Wednesday, April 8

Chicago, Chicago, that toddlin' band and/or town


If Memory Swerves™, 'twas on this day in history (April 8, 2016) that the Chicago Transmit Authority® — later, simply, "Chicago" — was inducted into the Rock 'n Roll Hall of Old Flames™. Never in the history of popular recording has a more unlikely assemblage of train conductors, railway signalmen and trolley car drivers gathered together with such sustaining musical efficiency as these hippy-haired horn blowers and pigskin pounders. They redefined what a brass band could be and their multi-textured song offerings and gigantine album packagings would take to the Billboard® Charts with singular — if not double or triple-plattered — aplomb for years. That they would return to the world stage for the ceremonies in Cleveland was a much needed (handgun) shot in the arm to their namesake Second-Tier City™, a toddlin', windblown township that was seeing bad news arrive on its doorstep with every afternoon delivery of the Chicago Today® broadsheet. To wit: Their bi-annual overtures to host the Special Olympic® Games were dismissed with a snicker by the United Nations, their hair-hatted Mayor Rahm Blagoyavich, a once and future foul-mouthed U.S. Senator, remained under big house arrest, and their hopes that a space-age, lake-fronted museum would supplant the hideousness of Soldier’s Memorial Field were about to be dashed.

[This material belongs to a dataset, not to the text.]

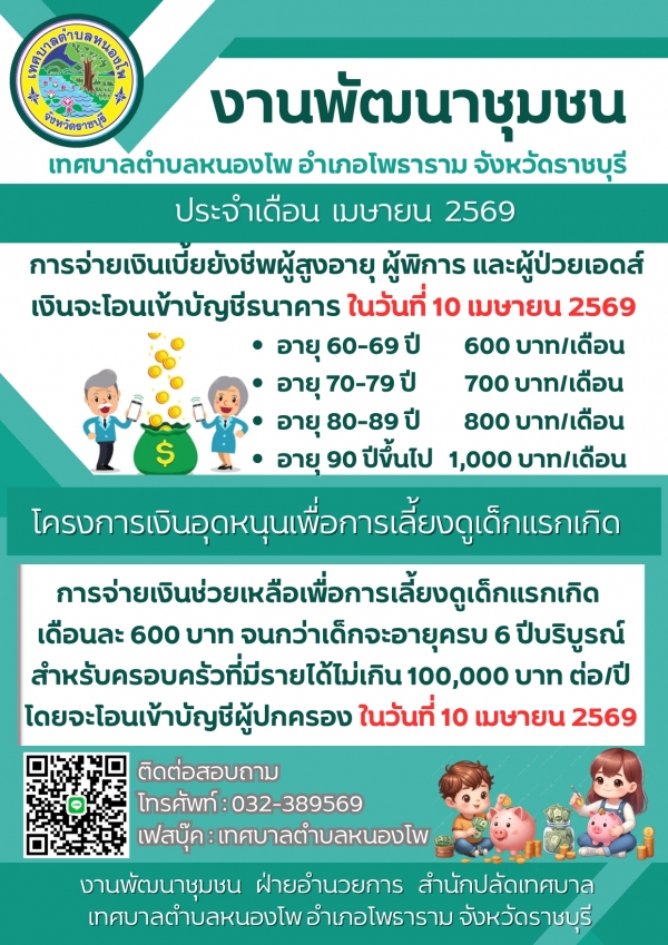 กำหนดโอนเงิน เงินเบี้ยเลี้ยงยังชีพผู้สูงอายุ เงินเบี้ยผู้พิการและเงินอุดหนุนเด็กแรกเกิด ประจำเดือน เมษายน พ.ศ. 2569

Then there were the ongoing failings: Their professional sporting teams were an altogether embarrassment, the culinary skills of their restaurateurs had been savaged by the Michelin® Ma'am and the dismantling of their advert agencies proceeded unchecked, with creative directors taking to the pavement with their absconded portfolio cases and ponytails en masse. If someone were to somehow trumpet the return of The City of Big Shoulders, Stumochs and Hind Ends™, who better than the bloody blowhards in the bland? Original members Mangione, Peterik, DeYoung, etCetera had welcomed a new crop of trombonists and tubateers to the fold and the stage at the Bar-Kays® Center on the gig night was "jammed" to full capacity for a anticipated jam session alongside other lone-monikered state-sanctioned inductees Kansas, Boston and Baton Rouge. Today, the grizzled, soul-patched road warriors in Chicago journey on. 'Tis “only the beginning” for these journeymen noisemakers. 25 or 6…to more, gents!!